Exercise data:
*** Begin section ***
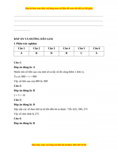 Câu 1: Số liền sau của 889 là: A. 890 B. 900 C. 899 D. 879
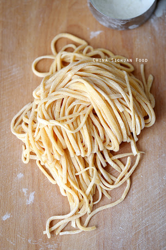 The ratio between egg and water is adjustable. More egg liquid creates chewier taste. More water creates softer texture. So for lo mein noodles and chow mein noodles, I recommend using two middle size eggs. I tried three eggs previously but figure that that the egg taste is overwhelmingly strong for me. So my best ratio is 2 larger size eggs+20ml water. If you plan to make noodle soup, you can use one egg+100ml water for 2 cups of flour.
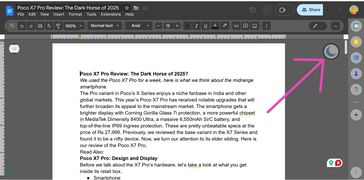 Google Docs tilbyder også muligheden for at ændre sidefarven til sort. Dette omfavner dog ikke fuldt ud æstetikken i et mørkt tema.
*** End section ***
What to do: Reproduce word for word the lines from the line holding "The ratio between" through the last line of the material above, inclusive, and keep pictures out of it.

Result of this exercise:
 The ratio between egg and water is adjustable. More egg liquid creates chewier taste. More water creates softer texture. So for lo mein noodles and chow mein noodles, I recommend using two middle size eggs. I tried three eggs previously but figure that that the egg taste is overwhelmingly strong for me. So my best ratio is 2 larger size eggs+20ml water. If you plan to make noodle soup, you can use one egg+100ml water for 2 cups of flour.
 Google Docs tilbyder også muligheden for at ændre sidefarven til sort. Dette omfavner dog ikke fuldt ud æstetikken i et mørkt tema.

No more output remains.